Star Trek: Enterprise: The Romulan War: Beneath the Raptor's Wing (Star Trek : Enterprise)

Home > Other > Star Trek: Enterprise: The Romulan War: Beneath the Raptor's Wing (Star Trek : Enterprise) > Page 49
Star Trek: Enterprise: The Romulan War: Beneath the Raptor's Wing (Star Trek : Enterprise) Page 49

by Michael A. Martin


  Evening arrived as the ceremony reached its slow and dignified conclusion. In the rarefied air of Mount Seleya’s upper reaches, high above the heat of the Forge, the cold of night came immediately, making T’Pol shiver despite the thickness of her robes.

  The three visitors rose to their feet as the adepts and their newest inductee formed a procession that departed the broad stone circle, a space that had been worn smooth over the centuries.

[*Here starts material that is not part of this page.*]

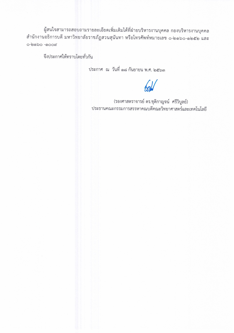 "คณบดีคณะวิทยาศาสตร์และเทคโนโลยี"

After the wind had swallowed up the retreating sound of the adepts’ bells, T’Pau turned toward T’Pol and said, “We hope that this—the full embracing of the teachings of Surak—will become the birthright of every Vulcan, from now through every generation yet to come. Peace, through the exercise of logic, via the discipline of the Kolinahr. Do you understand now that we cannot contemplate war when that possibility is finally within our grasp?”

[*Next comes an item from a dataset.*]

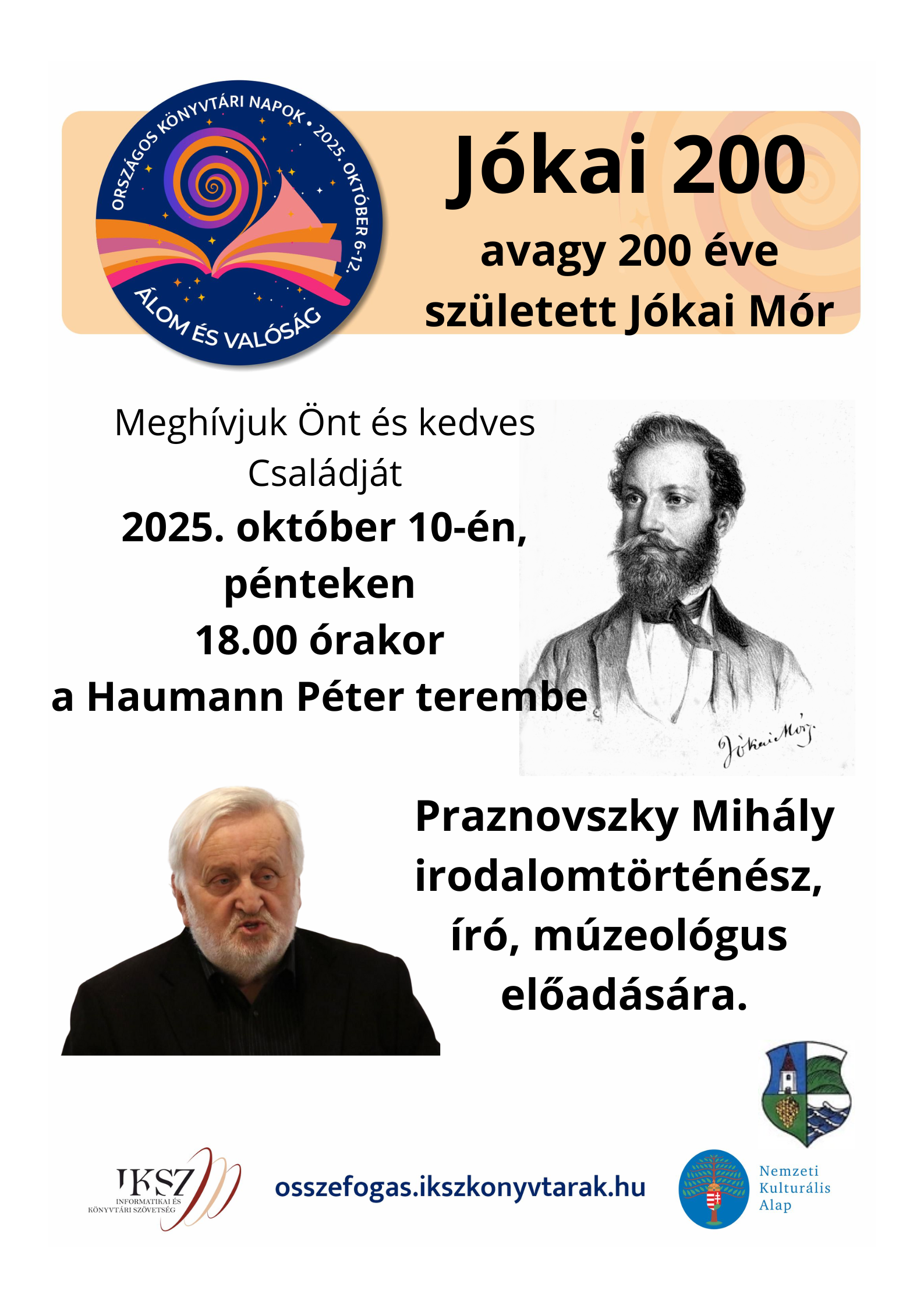 2025-ben ünnepeljük Jókai Mór, a magyar irodalom egyik legnagyobb alakjának kétszázadik születésnapját. E jeles alkalomból tisztelettel meghívjuk Önöket egy különleges irodalmi előadásra:

  Ignoring T’Pau’s question, T’Pol instead addressed the administrator’s deputy. “Minister Kuvak, are you in agreement?”

  Administrator T’Pau’s deputy cast an uneasy eye in his superior’s direction before answering. “In this matter, Administrator T’Pau speaks for all of Vulcan.”

  “Indeed,” T’Pol said, as the bulwark of hope that had enabled her to endure the past two dozen days crumbled. “Then I must report to my commanding officer that my mission has ended in failure.” She paused; what she planned to say next would be difficult, but it had to be said. And her candor could hardly make matters any worse.

  “And I must also report,” T’Pol added, “that Vulcan is being led to ruin by an evident megalomaniac.”

  “Kroykah!” Kuvak shouted, his self-control momentarily in shambles.

  T’Pau held up a hand for silence, and her deputy dutifully subsided, though he cast a heated glare at T’Pol. T’Pau merely stood in silence as she considered her accuser’s words with apparent serenity.

  At length, the administrator said, “Do you harbor... objections to the teachings of Surak, T’Pol?”

  That was a question T’Pol hadn’t expected. In fact, she hadn’t expected a question at all; she had assumed that both officials would immediately have her banished from the mountain, if not from Vulcan, for her effrontery.

  “No, Administrator,” T’Pol said. “Like all Vulcans, I revere Surak. I deeply respect his accomplishments.”

  T’Pau nodded sagely, looking disconcertingly wise for one so very young. “We understand. Yet you will allow your reverence and respect to take you only so far and no farther. You will not permit yourself to pass a certain point of inconvenience, particularly in regard to matters of war.”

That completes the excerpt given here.